UAV-borne GRS has diverse applications, including soil (texture) mapping [162,163,164,168,170], environmental contamination monitoring at critical sites (including mine tailings [163], industrial plant surveillance [197], lost radioactive source location [206]), characterization of Uranium Legacy Sites (ULSs) [181,195,209], accurate mapping of radiation sources and polluting gases [207], and radiometric measurements for mining applications [184]. Table 8 provides in-depth information on these applications.
3.1.4. Unmanned Aerial Imaging Geophysics
A UAV photogrammetry system comprises both aerial and ground sections, with the aerial section featuring the UAV and various imaging sensors such as visible-light (RGB), multispectral (MS), hyperspectral (HS), or thermal-infrared (TIR) cameras [210,211]. The system operates through fieldwork, including ground operations and aerial surveys, as well as office tasks involving survey planning and data processing. Key steps involve acquiring overlapped images, identifying key points, and performing Structure-from-Motion (SfM) and Multi-View Stereo (MVS) [212] to generate dense point clouds, orthomosaics, and different other geospatial products. While this overview does not delve deeply into UAV photogrammetry, interested readers can refer to relevant references (e.g., [213]) for more details. UAV photogrammetry extends beyond civil applications [214], offering valuable geometrical, structural, spatial, and spectral data about the natural Earth. Consequently, it is a versatile UAV RS method applicable to various geoscientific endeavors.
This section provides an overview of UAV-compatible optical and TIR imaging sensors. In the UAV visible photogrammetry category, two types of visible cameras are commonly used on UAV platforms for imaging and photogrammetry [215]. These include UAV-integrated cameras, exemplified by the 20-MP 4/3-inch image sensor (e.g., used in DJI Mavic 3 drone) and the 20-MP 1-inch image sensor (e.g., used in AUTEL’s EVO II Pro V3 drone), and Digital Single Lens Reflex (DSLR) cameras like the Sony A7RIII. In UAV MS photogrammetry and RS, state-of-the-art sensors include the Parrot Sequoia+, MicaSense Altum-PT, MicaSense RedEdge-MX/P, Sentera 6X, and DJI P4 Multi [215,216]. State-of-the-art TIR sensors include the WIRIS Pro/Pro Sc, Zenmuse XT 2 (dual-light TIR imager), Uncooled FPA 6404, FLIR SC305, and TELEDYNE FLIR VUE Pro. In the realm of UAV HS photogrammetry, cutting-edge sensors include OCI™-UAV-1000/2000, OCI™-F series, and GoldenEye™ (by BaySpec); CHAI S/V-640, S 185 FIREFLEYE SE, S 485 FIREFLEYE XL, and Q 285 FIREFLEYE QE (by Cubert); Nano/Micro-HyperSpec, VNIR-1024, Mjolnir V-1240, and SWIR-384 (by Headwall Photonics HySpex); Rikola, vis-NIR microHSI, Alpha-vis microHSI, SWIR 640 microHSI, and Alpha-SWIR microHSI by MosaicMill NovaSol; MV1-D2048x1088-HS05-96-G2 (by PhotonFocus); Hyperea 660 C1, Pika L, Pika XC2, Pika NIR, and Pika NUV (by Quest Innovations Resonon); VIS-VNIR Snapshot by SENOP; SPECIM FX10/17 (by SPECIM); SOC710-GX (by Surface Optics); and MQ022HG-IM-LS100-NIR/IM-LS150-VISNIR (by XIMEA) [210]. For the sake of brevity, no further details about the sensors or their specifications are provided here. Readers are referred to the cited references for more information.

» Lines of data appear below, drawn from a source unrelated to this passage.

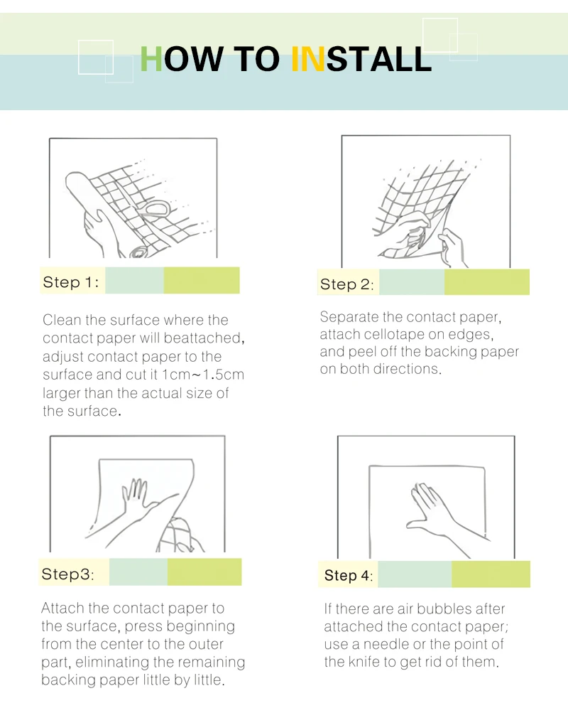 Шаг 1:Очистите поверхность, на которую контактной бумаги будет beattached, отрегулировать контакт бумаги на поверхность и сокращения ваших расходов на 1 см-1,5 смБольше фактического размера поверхности.Шаг 2:Отделите контактную бумагу, прикрепите ее к краям и снимите подложкуОбе стороны.Шаг 3:Прикрепите контактную бумагу к поверхности, нажмите, начиная от центра до внешней части,Удаляет оставшуюся подложку понемногу.Шаг 4:При наличии пузырьков воздуха после прикрепления контактной бумаги Используйте иглу или точку ножа, чтобы избавиться от них
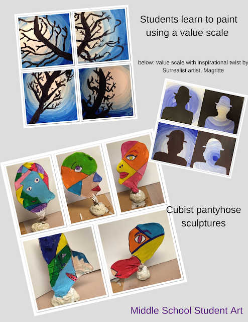 I take a lot of inspiration from our awesome online art community.� I will try to give credit to the teachers I saw these lessons from!� Some are recent work I've done with small groups of students and others are from a few years back.� What I enjoy about all of these lessons is the chance to integrate other academic concepts into the process!�
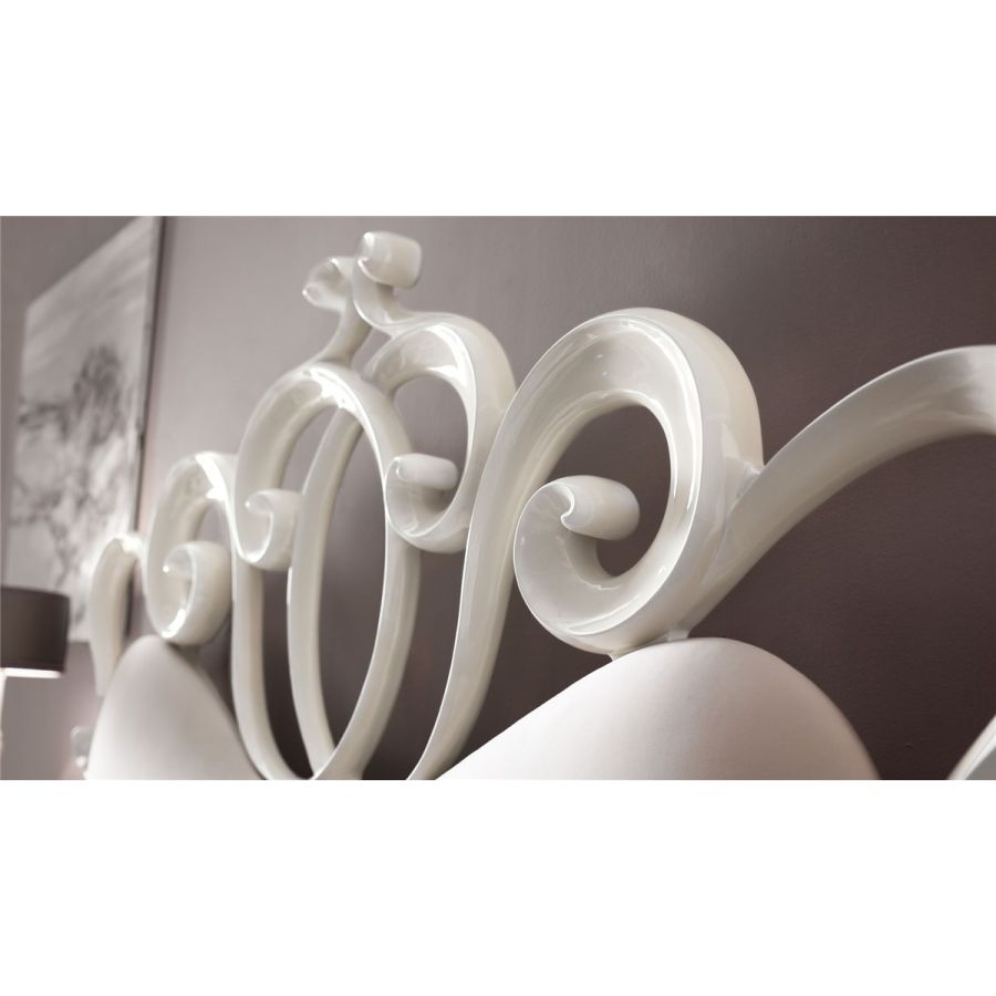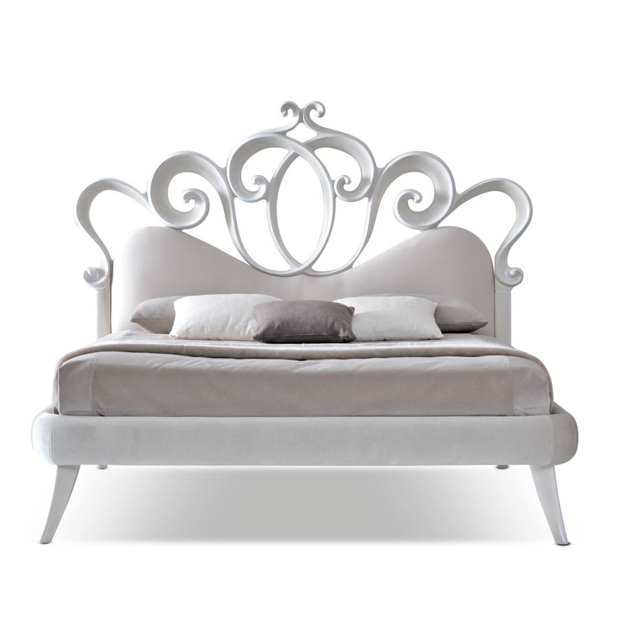 Whimsical interweaving of spirals that, like a game, are transformed into three-dimensional shapes and lines. Sofia, Romantic and refined woodenbed with headboard made of shaped and carved solid wood, complete with padded panel that can be covered in fabric, leather or eco-leather, which follows the elegant curved lines of the central part of the headboard.

In UAV photogrammetry, spatial resolution—denoted by ground sampling distance (GSD)—along with spectral resolution (referring primarily to the number of bands the sensor can capture) and radiometric resolution are key factors [217,218]. Common corrections in UAV photogrammetry include radiometric and geometric calibration [219,220]. Radiometric calibration aims to derive absolute reflectance measurements from the digital number (DN) [219]. Geometric calibration encompasses band-to-band registration (primarily for multi-lens sensors) and true orthorectification, which allows objects in the orthomosaic to be viewed from a top–down perspective [220]. Additionally, point cloud filtering is another type of correction applied not to images but to point clouds, eliminating non-ground points to generate a bare-land point cloud and digital terrain model (DTM) from the initial point cloud [221].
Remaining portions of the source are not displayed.